Previously, the IARC classification included a Group 4 for agents that are probably not carcinogenic for human beings. After decades of review, the IARC placed only a single agent in Group 4, caprolactam, apparently because the agency found everything else in the world to be presumptively a cause of cancer. The IARC could not find sufficiently strong evidence even for water, air, or basic foods to declare that they do not cause cancer in humans. Ultimately, the IARC abandoned Group 4, in favor of a presumption of universal carcinogencity.

The IARC describes its carcinogen classification procedures, requirements, and rationales in a document known as “The Preamble.” Any discussion of IARC classifications, whether in scientific publications or in legal briefs, without reference to this document should be suspect. The Preamble seeks to define many of the words in the classificatory scheme, some in ways that are not intuitive. This document has been amended over time, and the most recent iteration can be found online at the IARC website.[3]

IARC claims to build its classifications upon “consensus” evaluations, based in turn upon considerations of

(a) the strength of evidence of carcinogenicity in humans,

(b) the evidence of carcinogenicity in experimental (non-human) animals, and

(c) the mechanistic evidence of carcinogenicity.

IARC further claims that its evaluations turn on the use of “transparent criteria and descriptive terms.”[4] This last claim is, for some terms, is falsifiable.

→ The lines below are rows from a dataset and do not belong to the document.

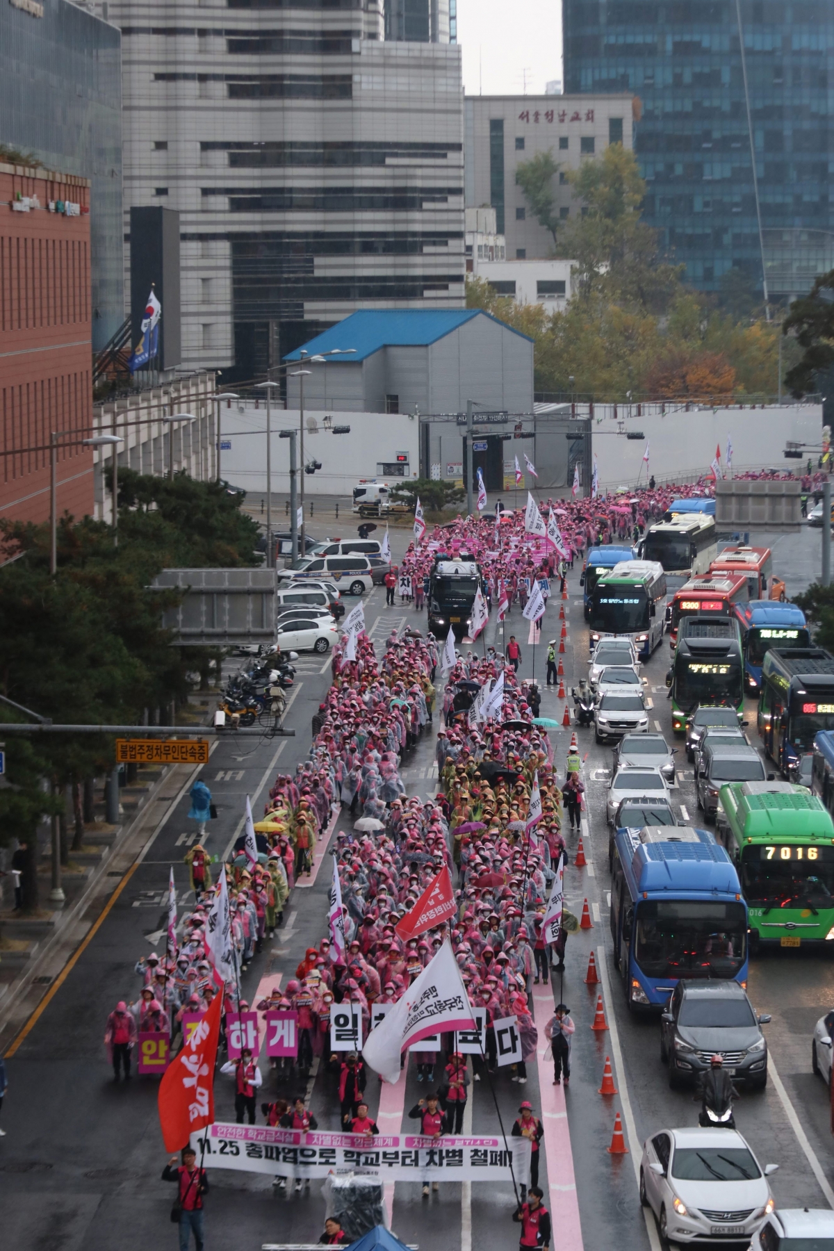 학비노조는 총파업 결의대회 후 시청광장까지 행진하며 시민들을 만났다. 이후 민주노총 전국노동자대회에 참가했다.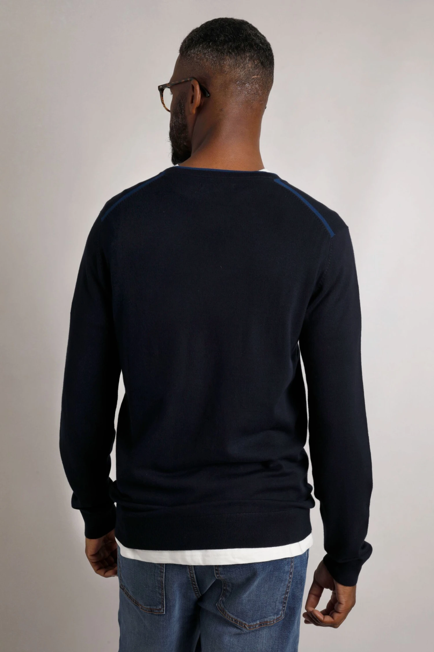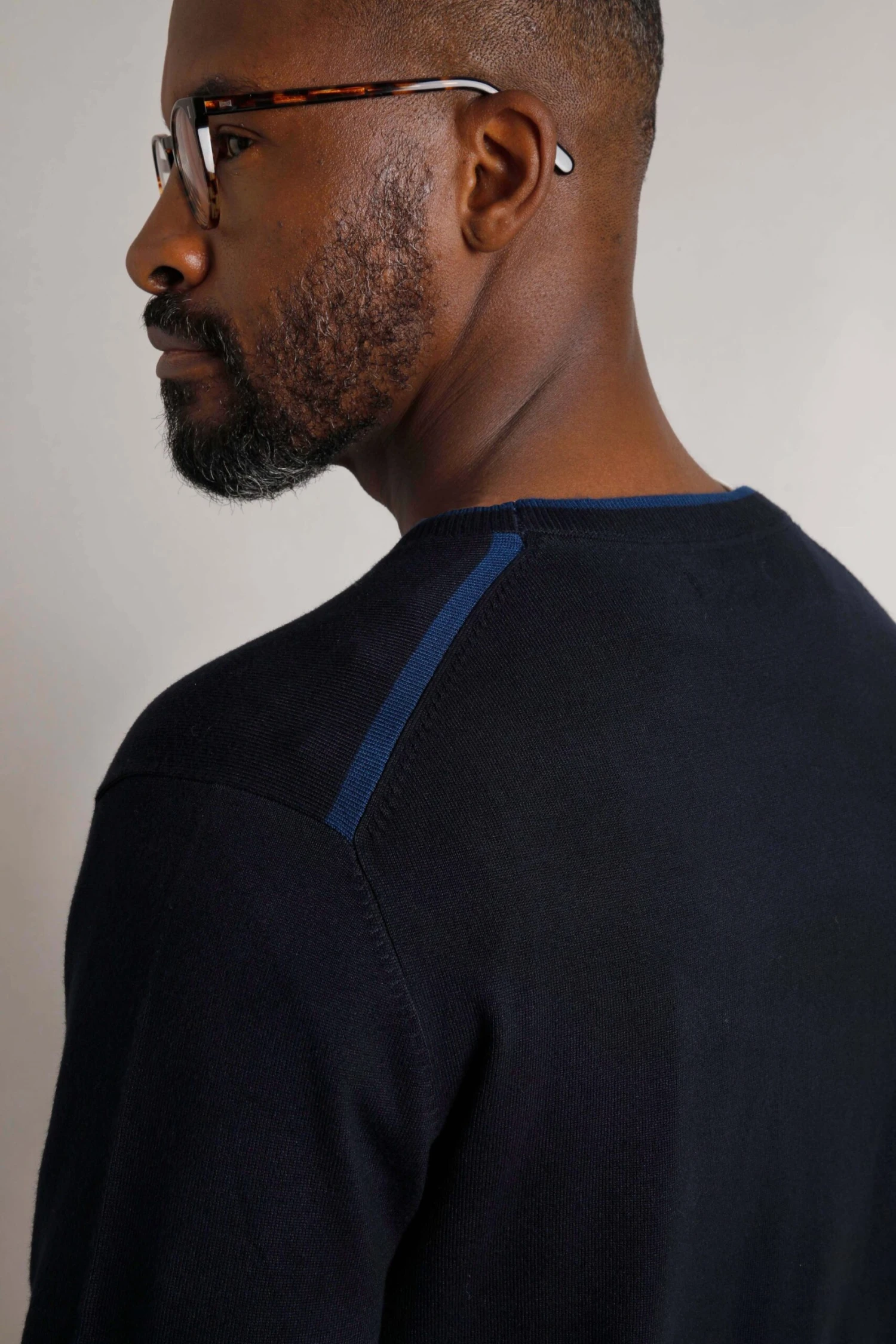Need a smart bit of knitwear? Try our new Noah Crew Neck Fine Knit Jumper. The fine gauge knit gives a sophisticated look to this slim line jumper. Tipped on the neckline with a tonal colour, and finished with subtle, metal branding.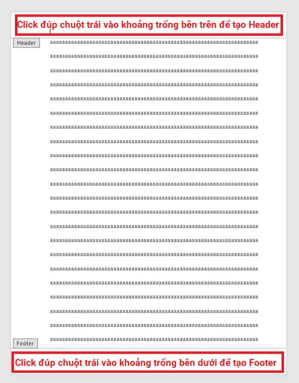 Cách 2: Tạo Header và Footer bằng cách click đúp chuột vào khoảng trống đầu hoặc cuối trang văn bản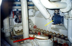 A short time later, two engineers wearing SCBA entered the engine room and conducted a more extensive inspection of the upper landing area. When they exited the space, they reported that there was no indication of fire but that they felt very cold and that their skin had a burning sensation. After this visit, the two engineers returned to the engine room to check out the lower levels where they discovered that, while there was no sign of fire, the standby (starboard) liquid refrigerant pump was totally destroyed. As a precautionary measure, they closed all the sea suction valves when in the engine room.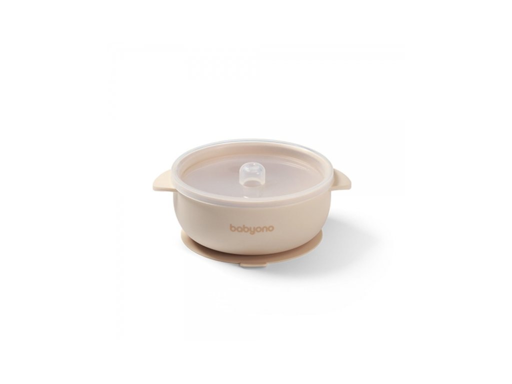 Silikonová miska s přísavkou a víčkem - béžová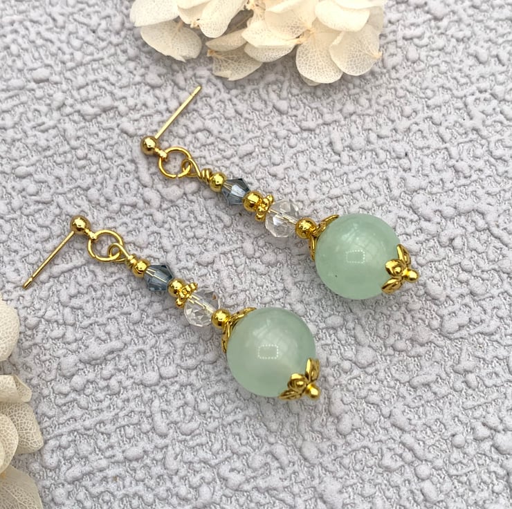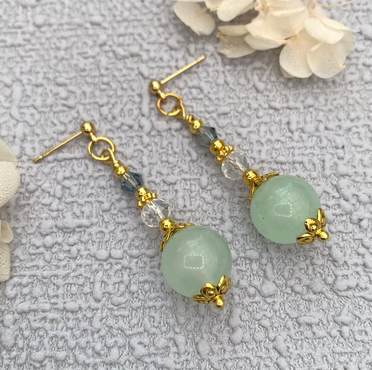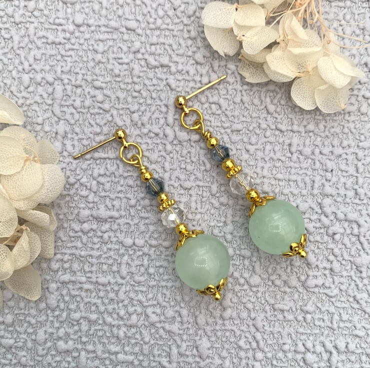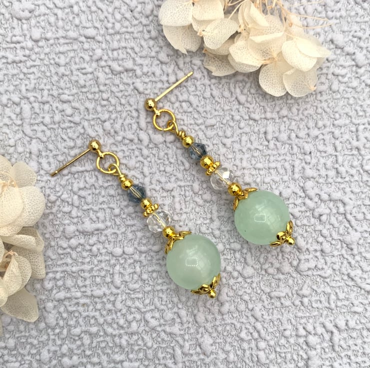 These pretty earrings are made with jade gemstone beads that 12mm diameter. The earrings include gold bead caps, gold-plated beads and glass crystal beads. The earrings are finished with gold-plated ear posts and they are 4cm in total length.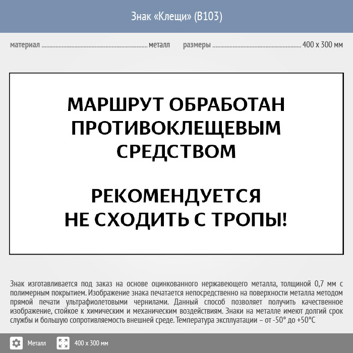 Знак «Клещи», B103 (металл, 300х200 мм) в Бердске купить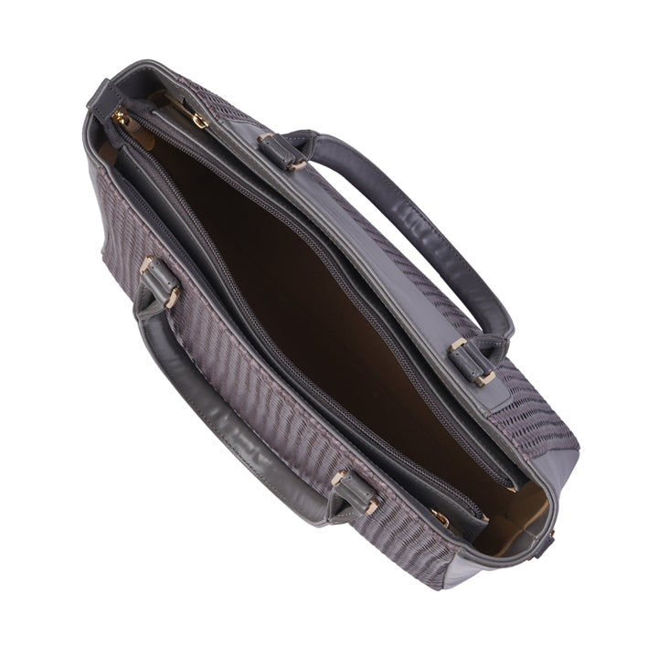 A refined tote with an embossed woven front panel and smooth side panels. Designed with sturdy top handles and sleek hardware, it’s ideal for work or the weekend.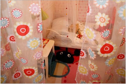 質(zhì)感如紗的艷麗隔斷簾,讓空間變的甜蜜而夢幻,圓形花朵的圖案別具一格,色調(diào)甜美的色彩給空間帶來絲絲溫暖、輕巧活潑。顏色和床品營造出既靈活又溫馨的睡眠環(huán)境。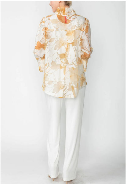 IC Collection 6511J 1PC Long Sleeve BURN OUT PLEATED COLLAR & BACK 3/4 SLV JACKET 81% RAYON, 19% POLYESTER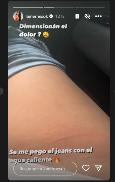 A la modelo se le volcó el termo y el agua caliente le terminó quemando la ingle provocándole una lesión casi en la zona púbica. La modelo compartió con sus seguidores esta mala experiencia de camino al campo.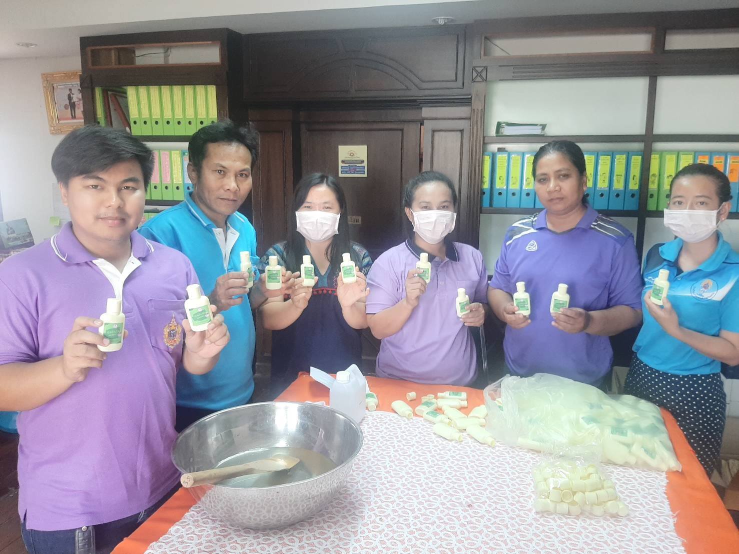 กศน.อำเภอเลาขวัญ จัดทำเจลแอลกอฮอล์ล้างมือ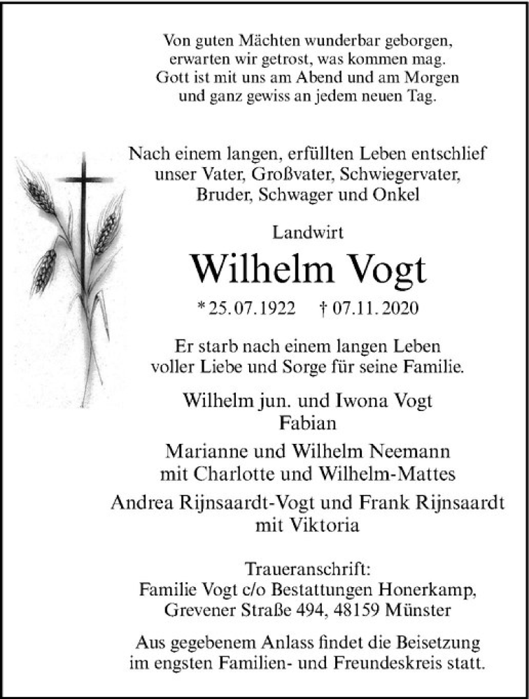 Hier finden Sie alle Traueranzeigen aus der Zeitung, die bisher für Wilhelm Vogt erschienen sind. Weitere Traueranzeigen, die in der Zeitung erscheinen, werden hier ebenfalls aufgelistet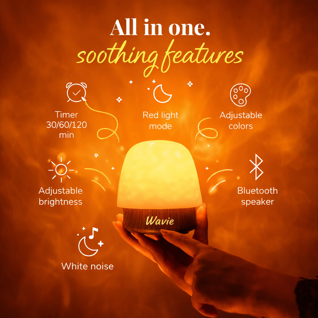 Relax with Wavie—your all-in-one sleep and unwind companion. Create the perfect atmosphere with customizable colors and adjustable brightness, tthen drift off to sleep with soothing white noise. With its built‑in Bluetooth speaker, red light mode, and auto-off timers (30/60/120 mins), Wavie is not just a lamp—it is your nightly wind‑down ritual.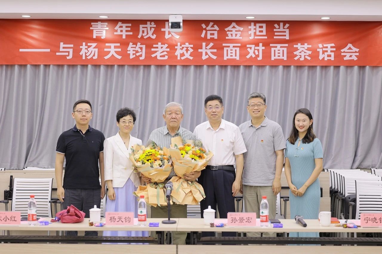 在中国共产党103周年华诞之际,7月1日上午,“迎七一:青年成长 冶金担当——与杨天钧老校长面对面茶话会”在冶金楼616报告厅举行。茶话会邀请成人直播 原校长杨天钧与成人直播 、冶金全重、碳中和研究院、卓越工程师成人直播 、人工智能研究院等20余名青年师生代表共聚一堂,共同赏阅杨天钧老校长在成人直播 校报上发表的文章《青葱岁月,钢铁摇篮》,追忆往昔岁月,共话事业发展。校党委副书记孙景宏、科技史与文化遗产研究院党委书记耿小红、管庄校区党委书记宁晓钧、宣传部副部长薛浪出席活动。成人直播 党委书记宗燕兵主持活动。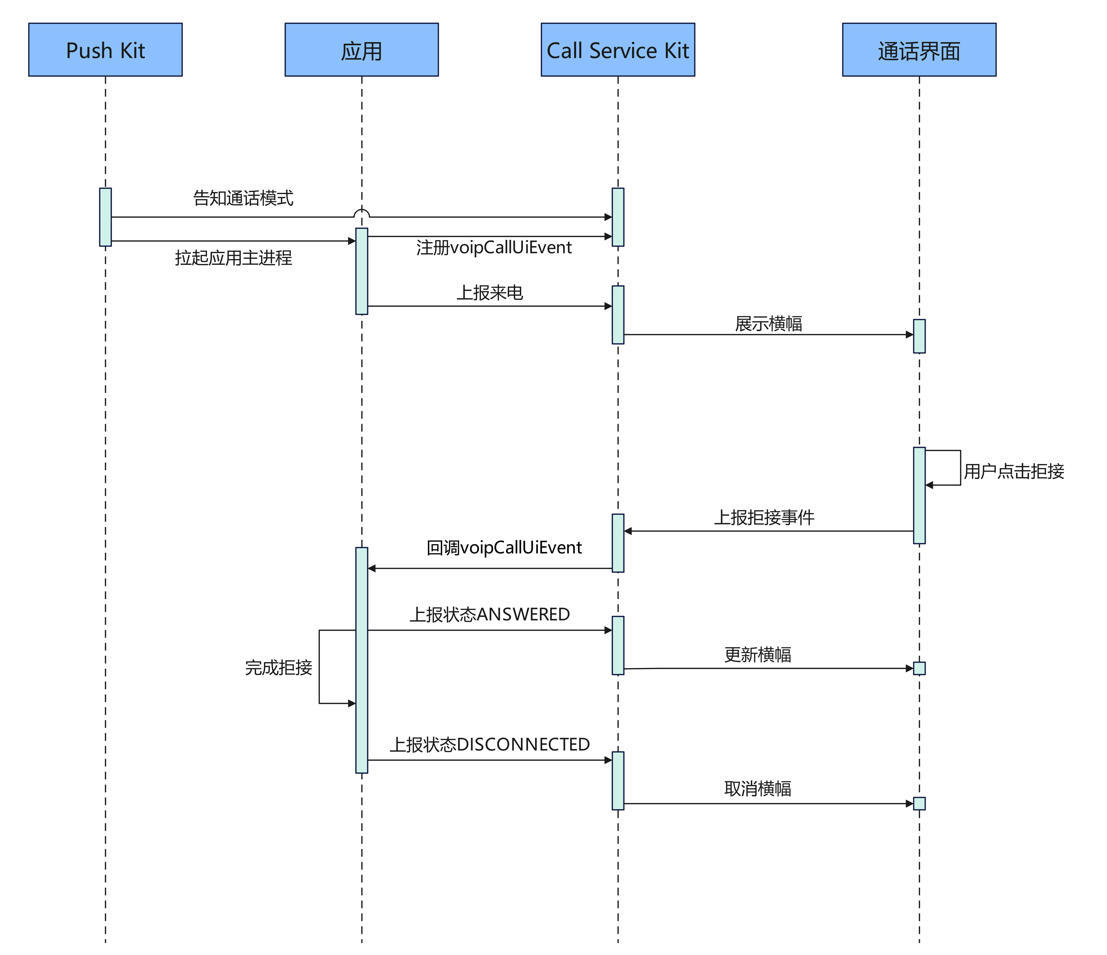 voipCall.on('voipCallUiEvent', callback => {if (callback?.voipCallUiEvent == voipCall.VoipCallUiEvent.VOIP_CALL_EVENT_VOICE_ANSWER) {//...在应用内完成接听// 应用内接听后,向Call Service Kit上报通话状态voipCall.reportCallStateChange(callback.callId, voipCall.VoipCallState.VOIP_CALL_STATE_ACTIVE);}});如果用户在横幅通知上点击拒接,则应用在接收到VOIP_CALL_EVENT_REJECT事件回调之后,在应用内完成拒接,然后向Call Service Kit 上报VOIP_CALL_STATE_DISCONNECTED状态,系统会取消横幅通知。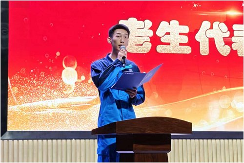 老生代表杨振宇结合技能大赛备赛经历与实习实践感悟分享成长故事,从智能产线调试到新能源汽车检测,用“实训车间里的千次打磨”诠释工匠精神;新生代表孙佳学则以“初识智能制造”为题,表达对掌握核心技能、投身新质生产力发展的憧憬,两代学子的心声共鸣,展现“技能宝贵、创造伟大”的青春共识。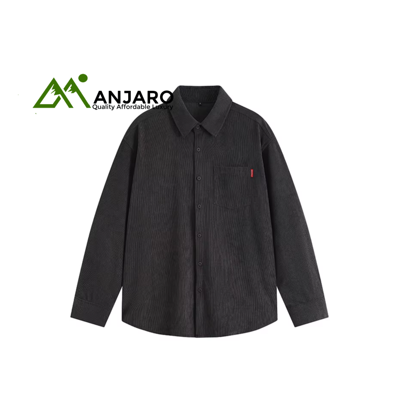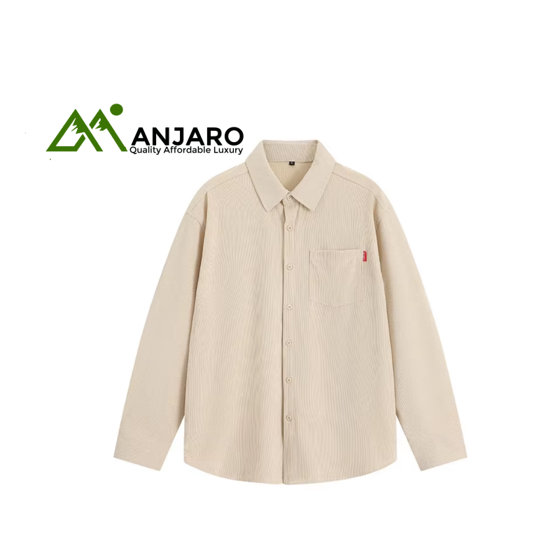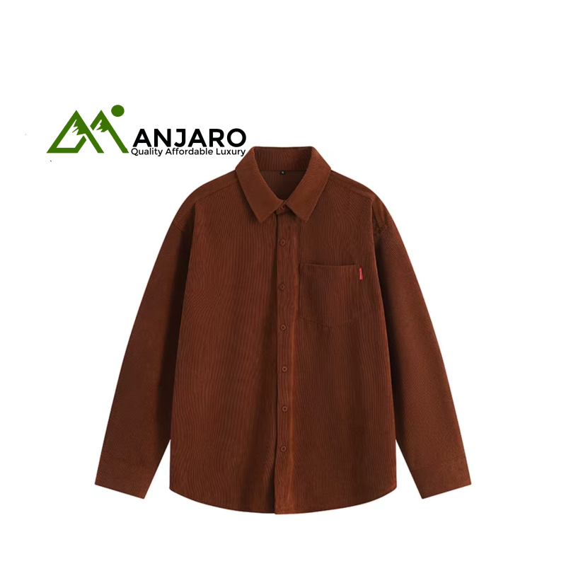 Men’s corduroy-style long-sleeved jacket shirt designed for a trendy casual autumn look.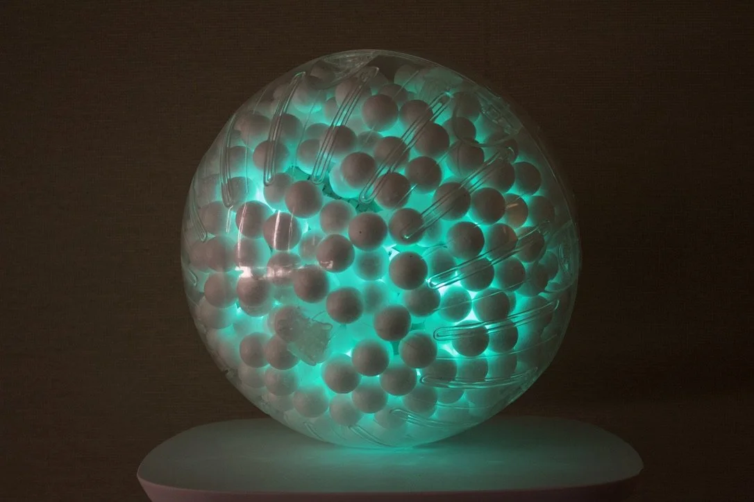 Prototype “e”, a ball-shaped toy wrapped by clear plastic, encourages aerodynamic movement; it is designed to prompt children to engage with it physically, such as twirling and shaking it. When the child shakes the ball, “e” reacts by changing the LEDs from cyan to purple in quick succession. These functions encourage the child to toss the ball around in various ways, warming them up to more openness, and it also gives the staff or therapist some insight into how the child is doing emotionally, and serve as an ice-breaker to a therapy session.

The working groups are described as engaged in consensus evaluations, although past evaluations have been reached on simple majority vote of the working group. The working groups are charged with considering the three lines of evidence, described above, for any given agent, and reaching a synthesis in the form of the IARC classificatory scheme. The chart, from the Preamble, below roughly describes how working groups may “mix and match” lines of evidence, of varying degrees of robustness and validity (vel non) to reach a classification.

 

Agents placed in Category I are thus “carcinogenic to humans.” Interestingly, IARC does not refer to Category I carcinogens as “known” carcinogens, although many commentators are prone to do so. The implication of calling Category I agents “known carcinogens” is to distinguish Category IIA, IIB, and III as agents “not known to cause cancer.” The adjective that IARC uses, rather than “known,” is “sufficient” evidence in humans, but IARC also allows for reaching Category I with “limited,” or even “inadequate” human evidence if the other lines of evidence, in experimental animals or mechanistic evidence in humans, are sufficient.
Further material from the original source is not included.